SCIENZA & VITA: "alimentazione e idratazione non possono essere oggetto di dichiarazioni anticipate di trattamento (DAT)"

SIR 23-02-2010.- “Alimentazione e idratazione, sotto qualunque forma, rappresentano sostegni vitali e pertanto non possono essere oggetto di dichiarazioni anticipate di trattamento.

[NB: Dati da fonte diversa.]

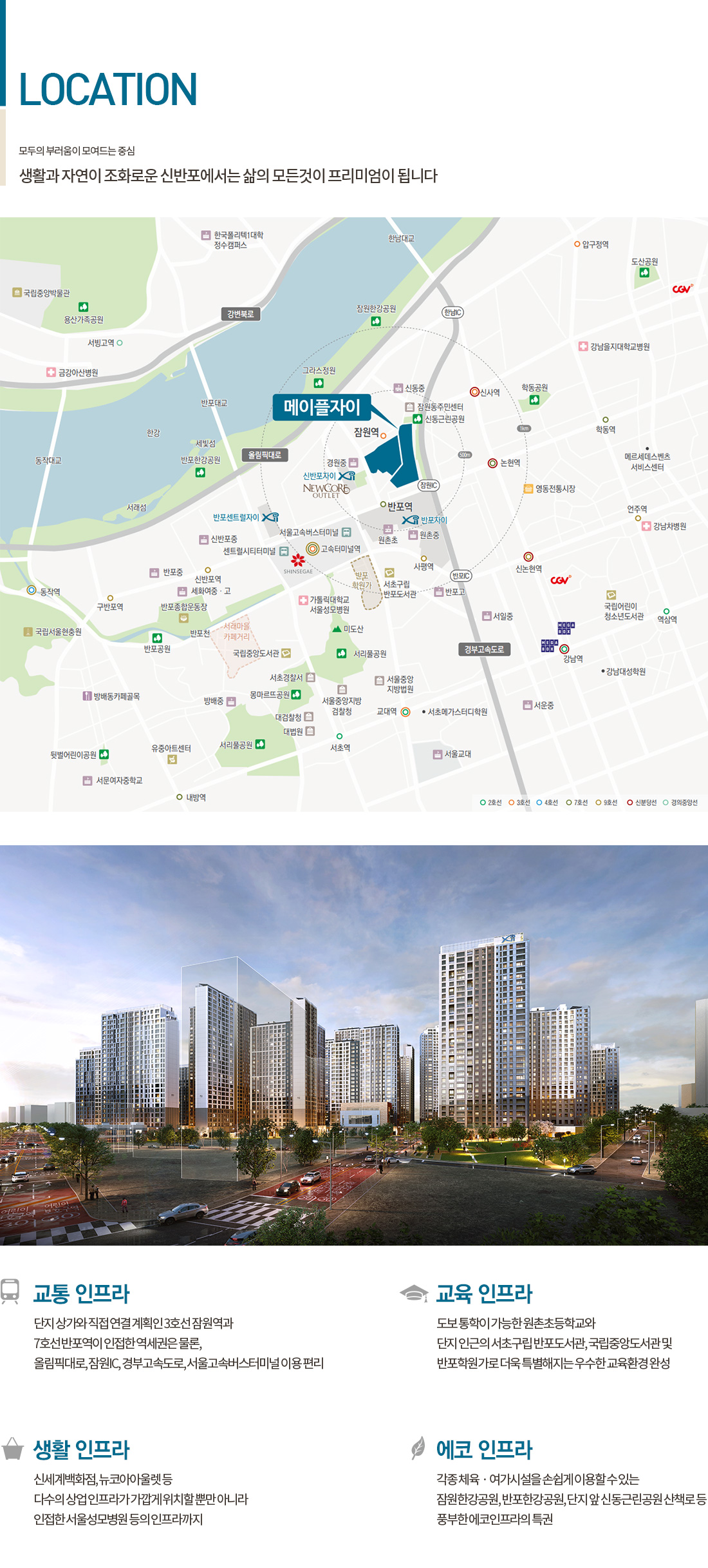 단지 상가와 직접 연결 계획되어 있는 3호선 잠원역과 7호선 반포역이 인접해 있는 역세권 단지이며, 인근에 올림픽대로, 잠원IC, 경부고속도로, 서울고속버스터미널 등의 이용이 편리한 교통 인프라를 갖추고 있습니다.

I sostegni vitali, infatti, sono inscritti all’interno dell’alleanza di cura, fondamento della relazione assistenziale”.

A ribadirlo è questa sera Lucio Romano, copresidente dell’Associazione Scienza & Vita, dopo l’approvazione da parte della Commissione Affari sociali della Camera di un emendamento al disegno di legge sulle dichiarazione anticipate di trattamento (testamento biologico), già approvato dal Senato, che prevede un'eccezione all'obbligo di alimentazione e idratazione artificiale nei casi in cui “le medesime risultino non più efficaci nel fornire al paziente i fattori nutrizionali necessari alle funzioni fisiologiche essenziali del corpo”.

Nel testo non viene invece modificata la norma più contestata della legge, quella secondo cui l'alimentazione forzata non può essere oggetto di dichiarazione anticipata di trattamento, ribadita da Romano che conclude: “In scienza e coscienza la sospensione di alimentazione e idratazione non deve costituire in alcun caso una forma surrettizia di abbandono”.